Pictures do not belong in the copy; retype the records below exactly.

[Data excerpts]
========
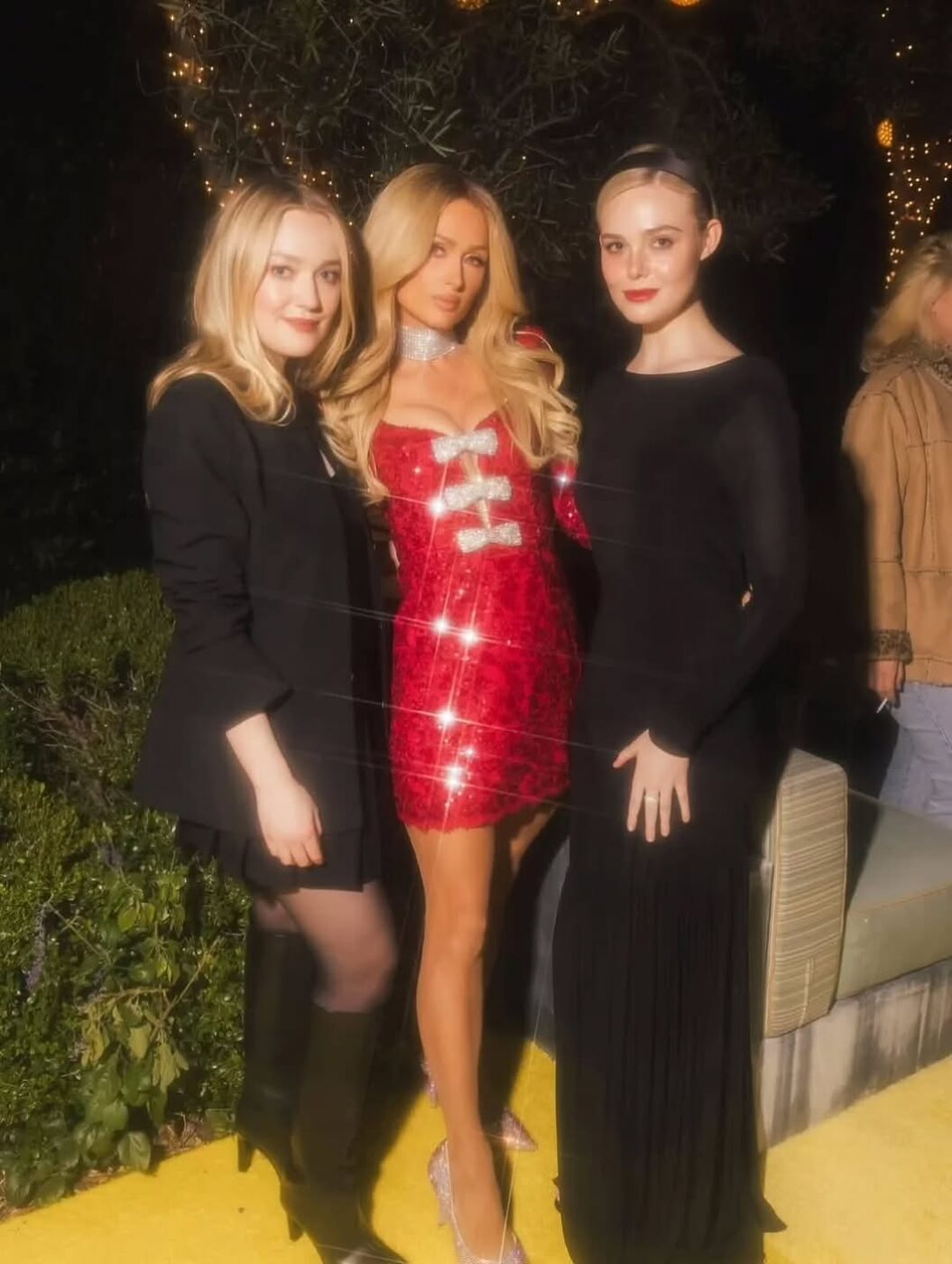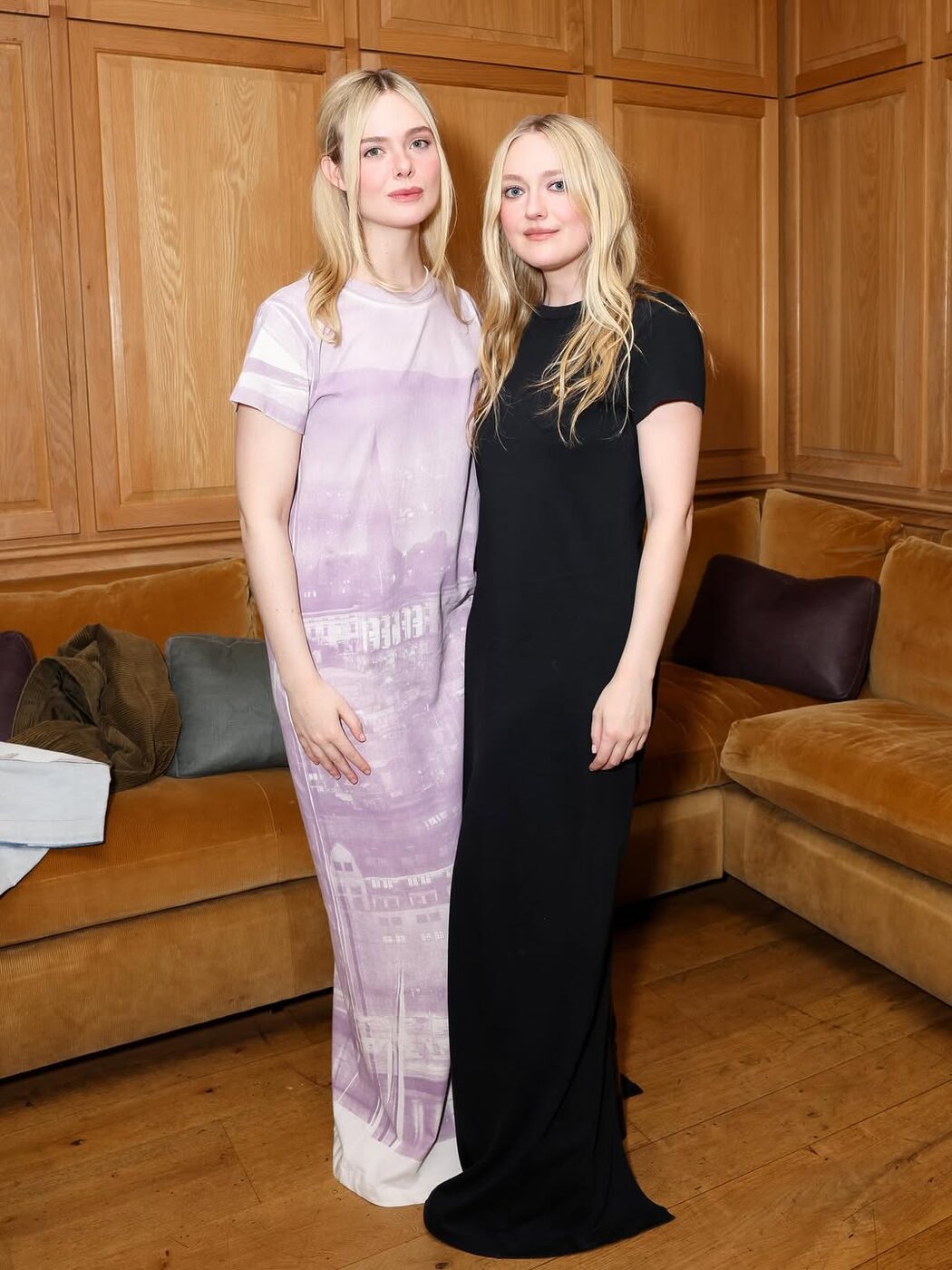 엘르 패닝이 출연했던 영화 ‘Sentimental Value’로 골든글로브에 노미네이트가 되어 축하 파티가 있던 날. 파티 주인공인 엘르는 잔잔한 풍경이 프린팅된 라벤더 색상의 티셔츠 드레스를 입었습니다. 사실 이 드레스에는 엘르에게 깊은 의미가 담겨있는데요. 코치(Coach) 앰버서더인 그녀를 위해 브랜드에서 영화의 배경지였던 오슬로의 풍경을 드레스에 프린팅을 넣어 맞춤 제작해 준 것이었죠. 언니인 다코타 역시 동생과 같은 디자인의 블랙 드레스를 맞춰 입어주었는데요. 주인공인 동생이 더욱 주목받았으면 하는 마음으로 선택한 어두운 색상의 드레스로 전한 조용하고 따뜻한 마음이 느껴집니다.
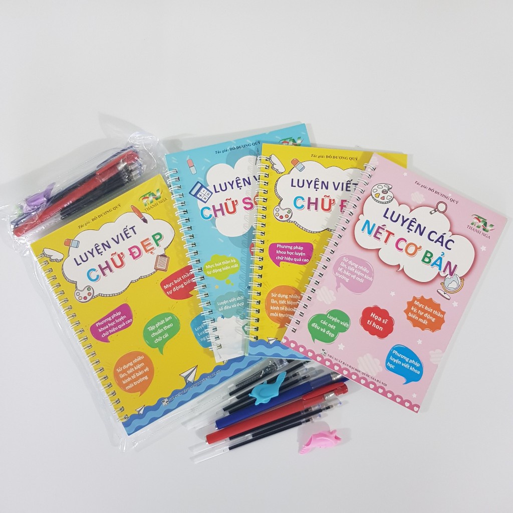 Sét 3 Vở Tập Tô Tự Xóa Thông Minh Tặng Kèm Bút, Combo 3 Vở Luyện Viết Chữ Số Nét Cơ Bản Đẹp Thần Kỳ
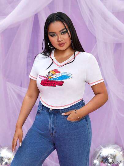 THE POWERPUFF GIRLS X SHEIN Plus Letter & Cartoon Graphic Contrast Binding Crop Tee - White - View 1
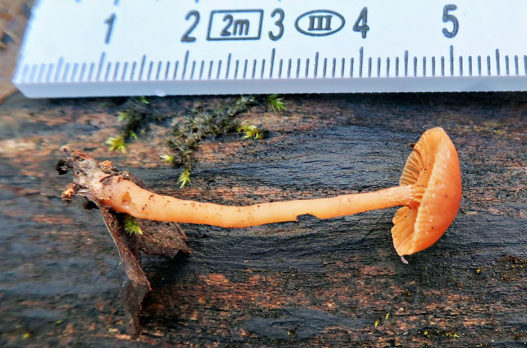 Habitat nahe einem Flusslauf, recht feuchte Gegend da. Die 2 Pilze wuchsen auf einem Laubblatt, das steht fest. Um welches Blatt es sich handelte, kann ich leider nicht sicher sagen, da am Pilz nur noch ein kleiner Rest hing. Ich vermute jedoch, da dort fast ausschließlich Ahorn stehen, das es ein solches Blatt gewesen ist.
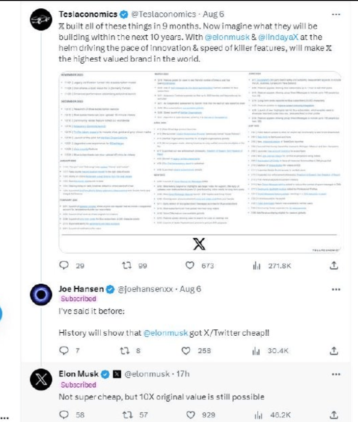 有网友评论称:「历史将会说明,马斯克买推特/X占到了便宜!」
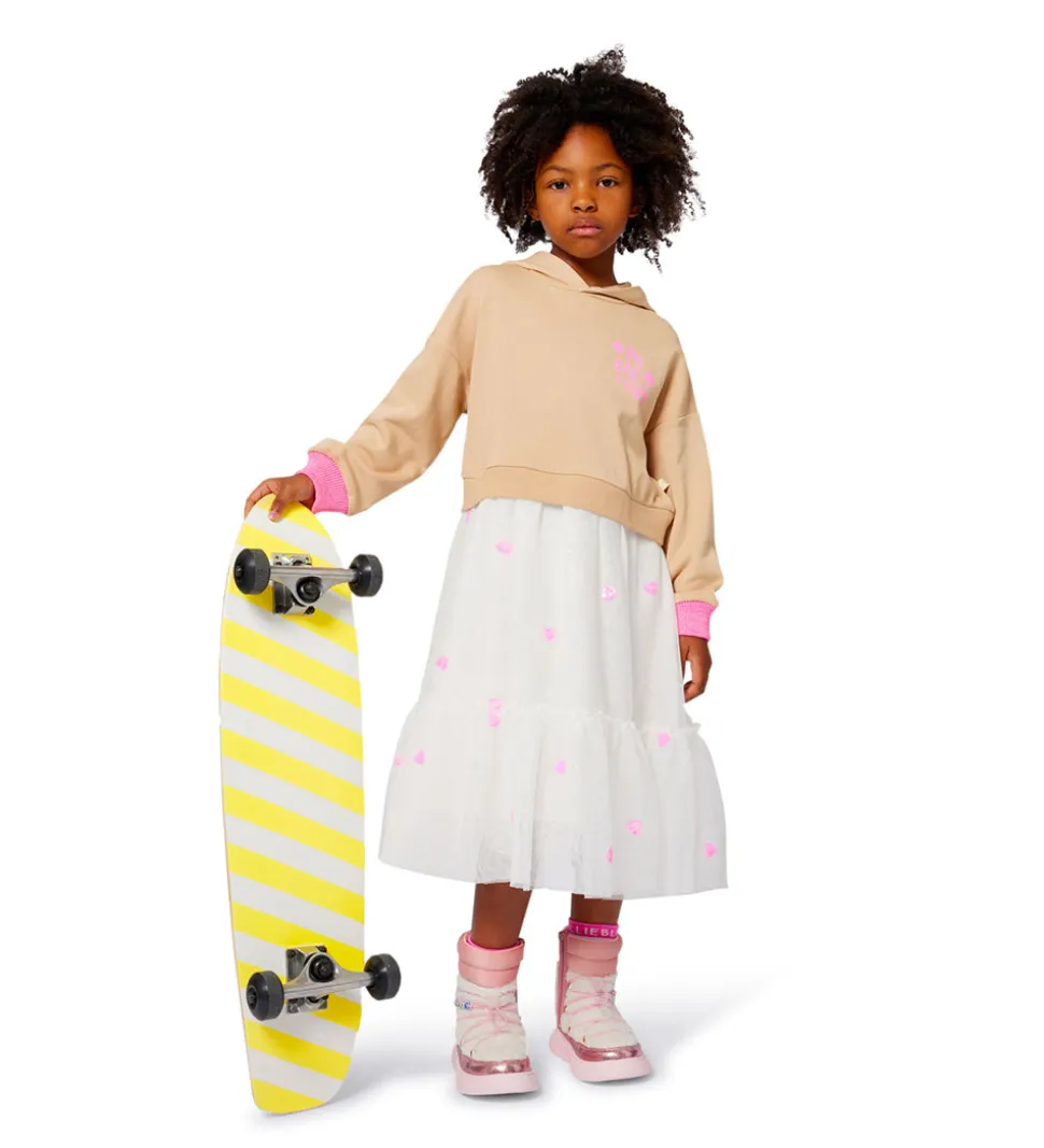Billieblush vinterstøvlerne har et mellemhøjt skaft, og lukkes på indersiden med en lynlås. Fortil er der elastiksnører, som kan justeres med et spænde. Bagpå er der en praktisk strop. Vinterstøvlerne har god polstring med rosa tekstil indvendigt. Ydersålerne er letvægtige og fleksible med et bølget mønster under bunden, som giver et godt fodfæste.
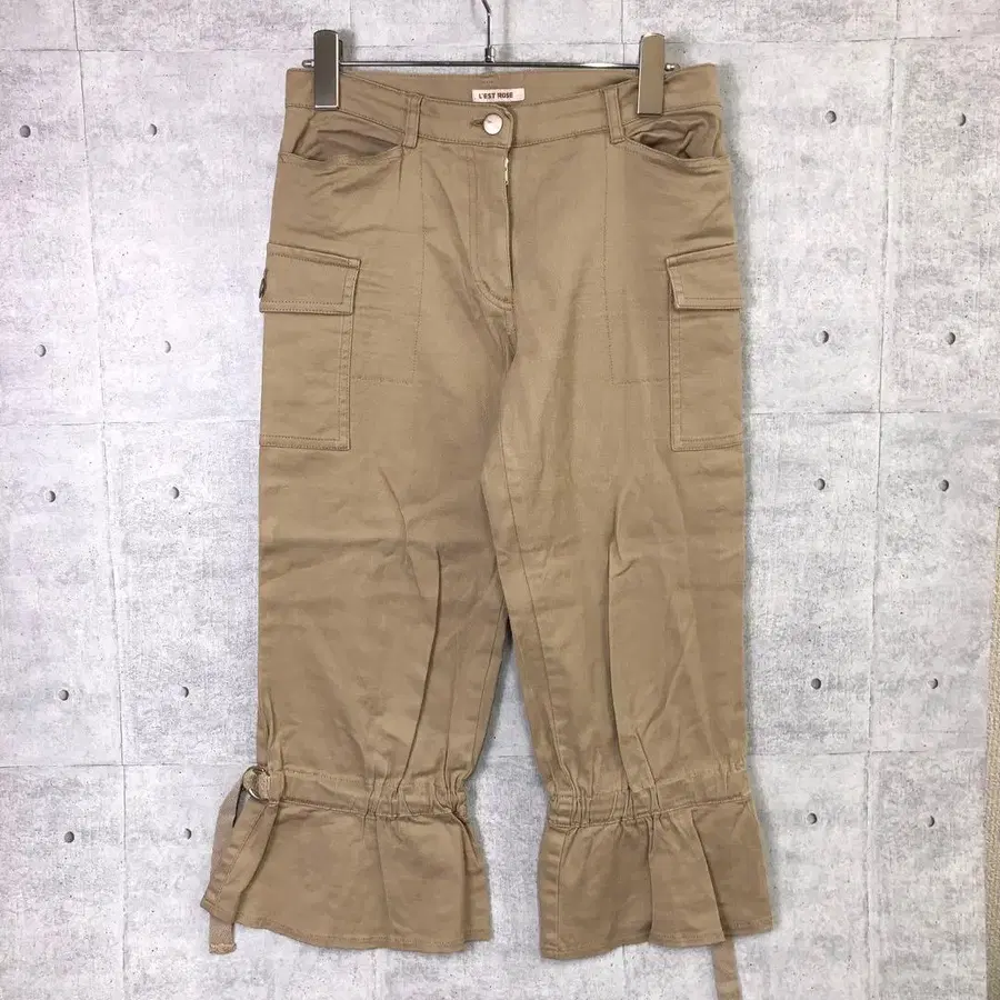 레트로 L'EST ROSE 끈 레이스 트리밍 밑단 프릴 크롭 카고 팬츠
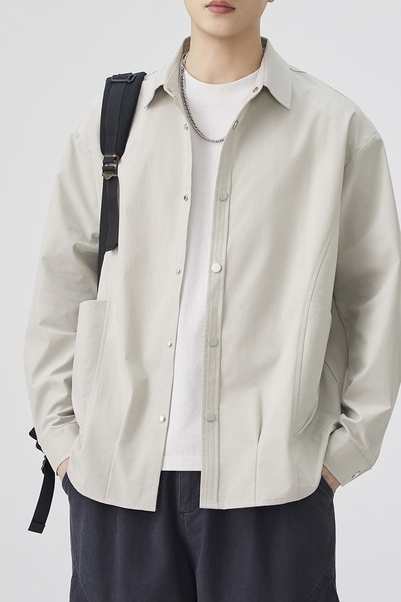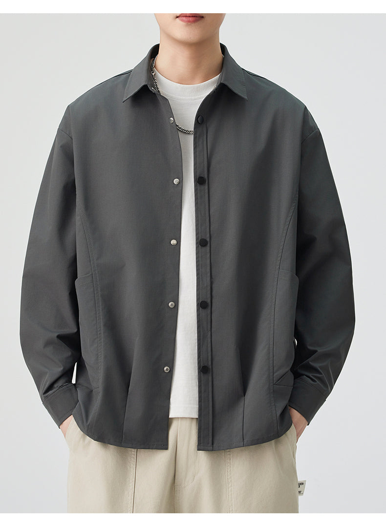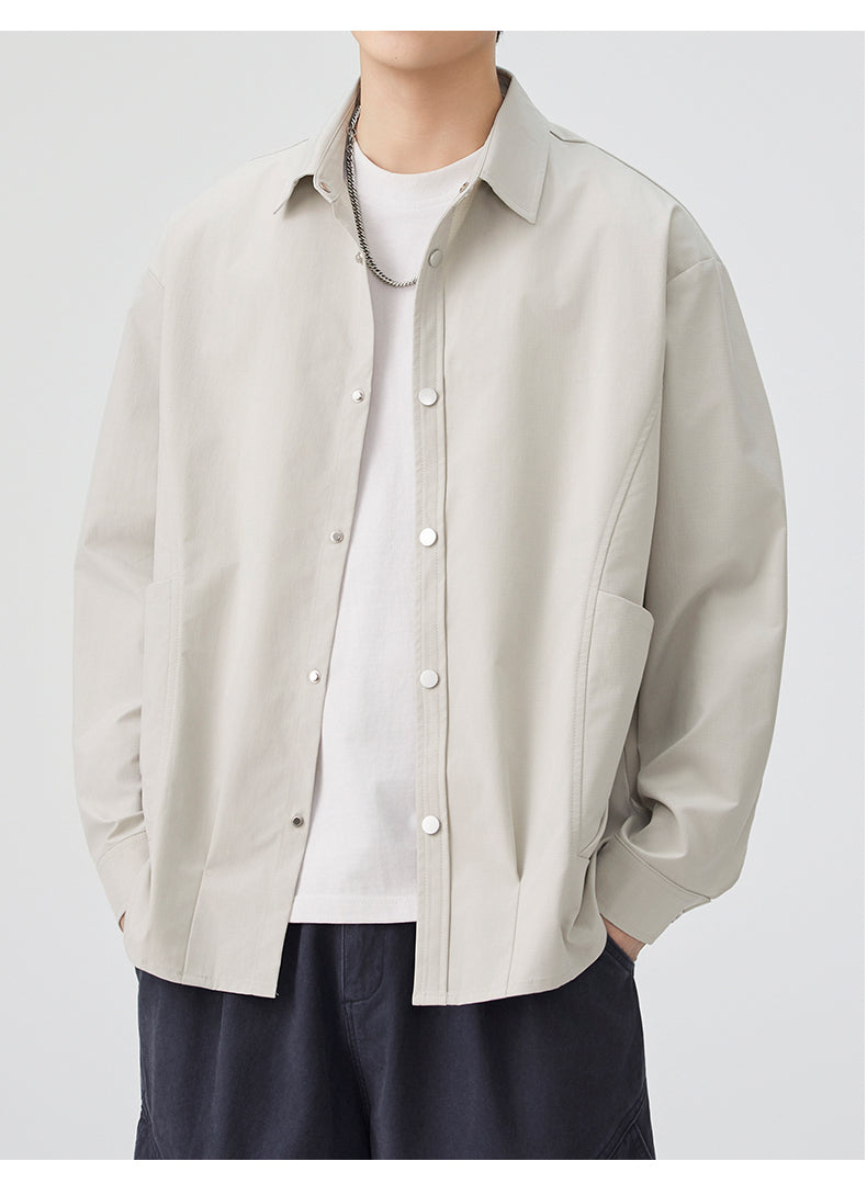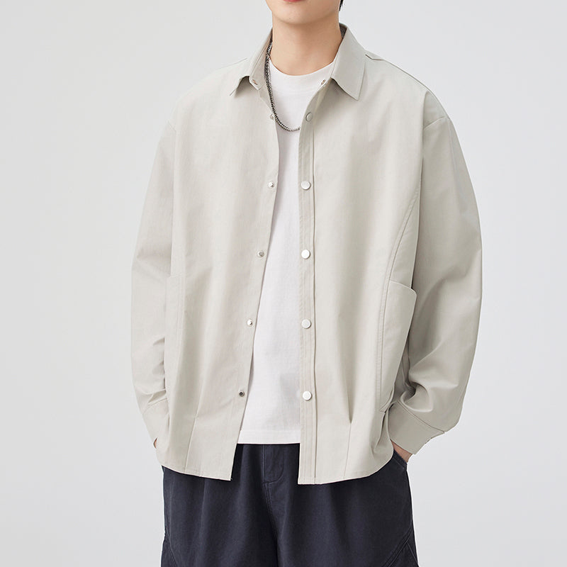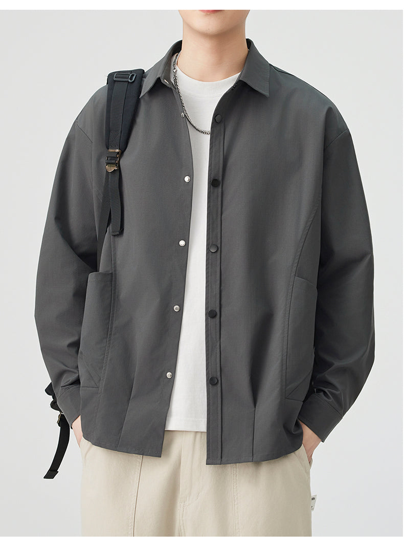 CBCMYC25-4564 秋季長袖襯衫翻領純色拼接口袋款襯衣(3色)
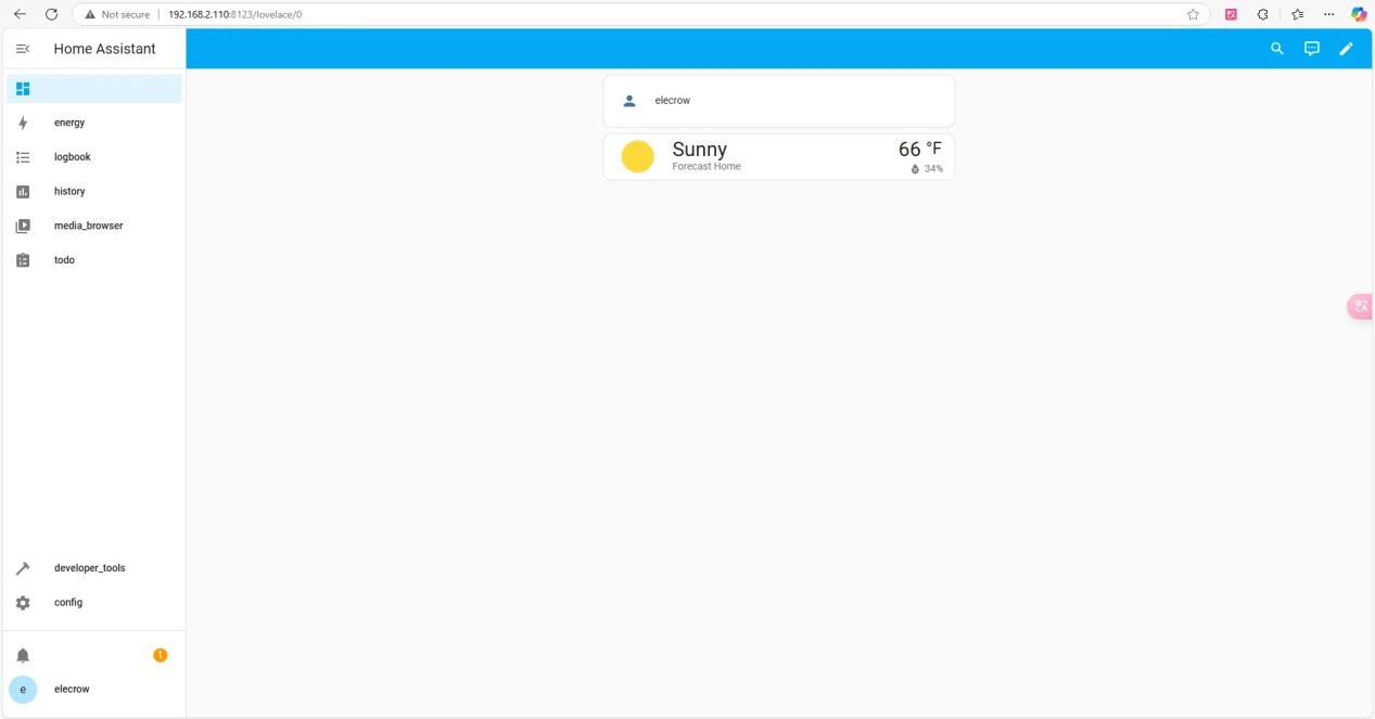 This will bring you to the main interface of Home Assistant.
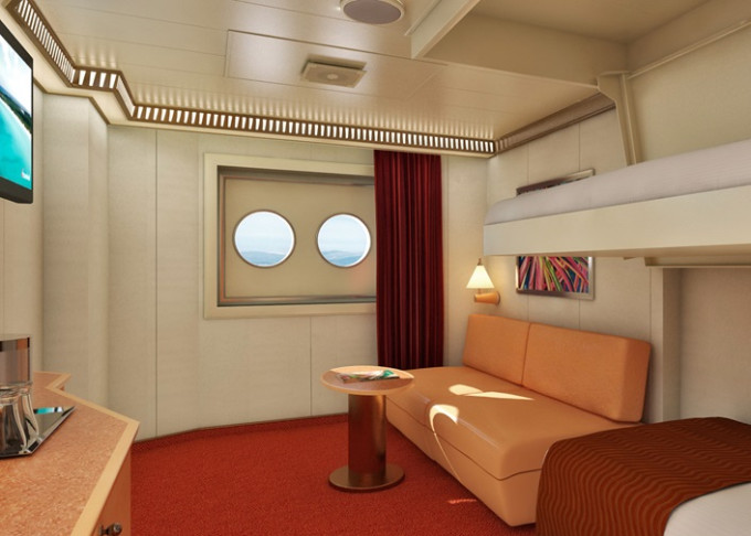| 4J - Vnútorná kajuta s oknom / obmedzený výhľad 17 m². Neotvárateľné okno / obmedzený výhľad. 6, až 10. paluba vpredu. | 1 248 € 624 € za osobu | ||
========
# Solution for this problem
 엘르 패닝이 출연했던 영화 ‘Sentimental Value’로 골든글로브에 노미네이트가 되어 축하 파티가 있던 날. 파티 주인공인 엘르는 잔잔한 풍경이 프린팅된 라벤더 색상의 티셔츠 드레스를 입었습니다. 사실 이 드레스에는 엘르에게 깊은 의미가 담겨있는데요. 코치(Coach) 앰버서더인 그녀를 위해 브랜드에서 영화의 배경지였던 오슬로의 풍경을 드레스에 프린팅을 넣어 맞춤 제작해 준 것이었죠. 언니인 다코타 역시 동생과 같은 디자인의 블랙 드레스를 맞춰 입어주었는데요. 주인공인 동생이 더욱 주목받았으면 하는 마음으로 선택한 어두운 색상의 드레스로 전한 조용하고 따뜻한 마음이 느껴집니다.
 Sét 3 Vở Tập Tô Tự Xóa Thông Minh Tặng Kèm Bút, Combo 3 Vở Luyện Viết Chữ Số Nét Cơ Bản Đẹp Thần Kỳ
 THE POWERPUFF GIRLS X SHEIN Plus Letter & Cartoon Graphic Contrast Binding Crop Tee - White - View 1
 Habitat nahe einem Flusslauf, recht feuchte Gegend da. Die 2 Pilze wuchsen auf einem Laubblatt, das steht fest. Um welches Blatt es sich handelte, kann ich leider nicht sicher sagen, da am Pilz nur noch ein kleiner Rest hing. Ich vermute jedoch, da dort fast ausschließlich Ahorn stehen, das es ein solches Blatt gewesen ist.
 有网友评论称:「历史将会说明,马斯克买推特/X占到了便宜!」
Billieblush vinterstøvlerne har et mellemhøjt skaft, og lukkes på indersiden med en lynlås. Fortil er der elastiksnører, som kan justeres med et spænde. Bagpå er der en praktisk strop. Vinterstøvlerne har god polstring med rosa tekstil indvendigt. Ydersålerne er letvægtige og fleksible med et bølget mønster under bunden, som giver et godt fodfæste.
 레트로 L'EST ROSE 끈 레이스 트리밍 밑단 프릴 크롭 카고 팬츠
 CBCMYC25-4564 秋季長袖襯衫翻領純色拼接口袋款襯衣(3色)
 This will bring you to the main interface of Home Assistant.
| 4J - Vnútorná kajuta s oknom / obmedzený výhľad 17 m². Neotvárateľné okno / obmedzený výhľad. 6, až 10. paluba vpredu. | 1 248 € 624 € za osobu | ||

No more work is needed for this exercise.